I speak to her every weekend. This time, I ask her advice about a family member who needs some help and whether or not I should pitch in. In my notebook, I notice a scribble from a meeting: “those of us with family at home,” someone had said. That’s most of us, I had written to myself, single and alone in the desert. For all the new awareness at work, people still say stupid shit. There was still someone worrying about me, I imagined myself saying in a Zoom meeting. Still someone depending on me. My dad in his post-stroke days. A sister who needs daily assistance, whose plans to get an in-home aide through state services now made impossible by Covid-19 for at least a year. My mom who helps them both. She told me this story, in Spanish, about the last Social Security check that my grandmother cashed before she died: “She had figured out all the bills and told me to pay this and to pay that, but she told me to keep the last hundred for myself, just for me. I never spent it. I still have it, stashed away, and no matter how bad things got, I never, ever touched it.”

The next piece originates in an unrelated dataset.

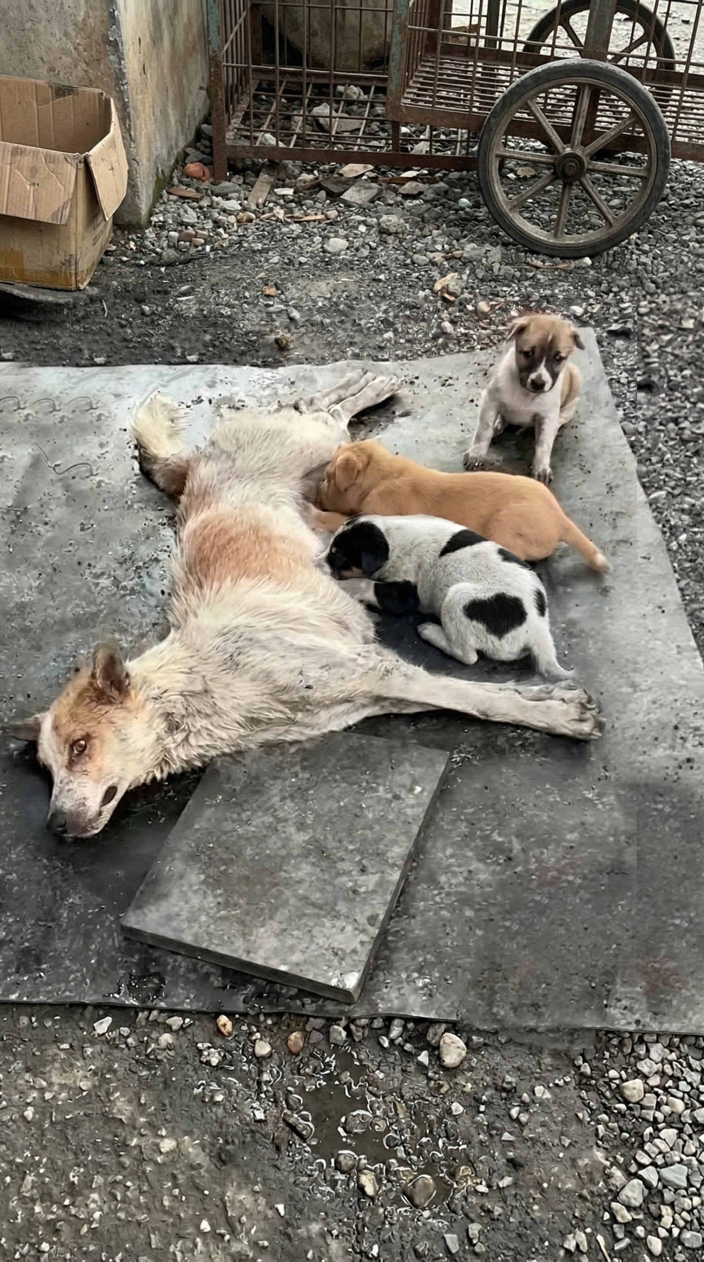 When we arrived at the abandoned edge of the noisy construction site, Saria was lying completely paralyzed in the damp, foul-smelling mud, unable to lift her head to greet us. For seven agonizing days, her broken body had served as the only source of warmth and sustenance for the seven tiny puppies frantically nursing at her stomach.
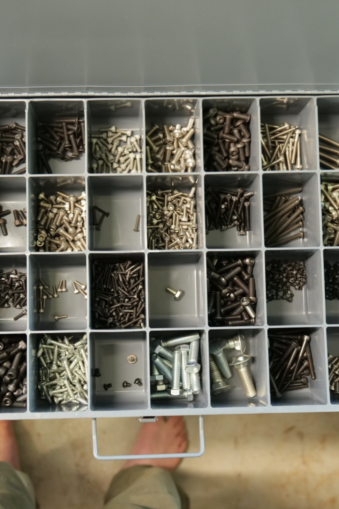 Knowing exactly where every screw lives removes hesitation completely. Use small drawer units with bold, readable labels.

That’s how it’s been, all June. I look out at the mountains and the fires and some story circles in my head. I try to make meaning of it. Tonight, four hot orange spots, more to the east, and high up. I keep coming back to the same words: resiliency, faith, miracles. No matter what goes on in the world, I find some way to make it recall my family. I can conjure my mother’s face, very young, sitting in the middle of the bench seat of the family pickup, her father on one side, her mother on the other. Stopped by the border patrol and made to wait in the Texas heat, all three of them US citizens.
Once the fires go out—all of them—I hope I can get back to a restful sleep.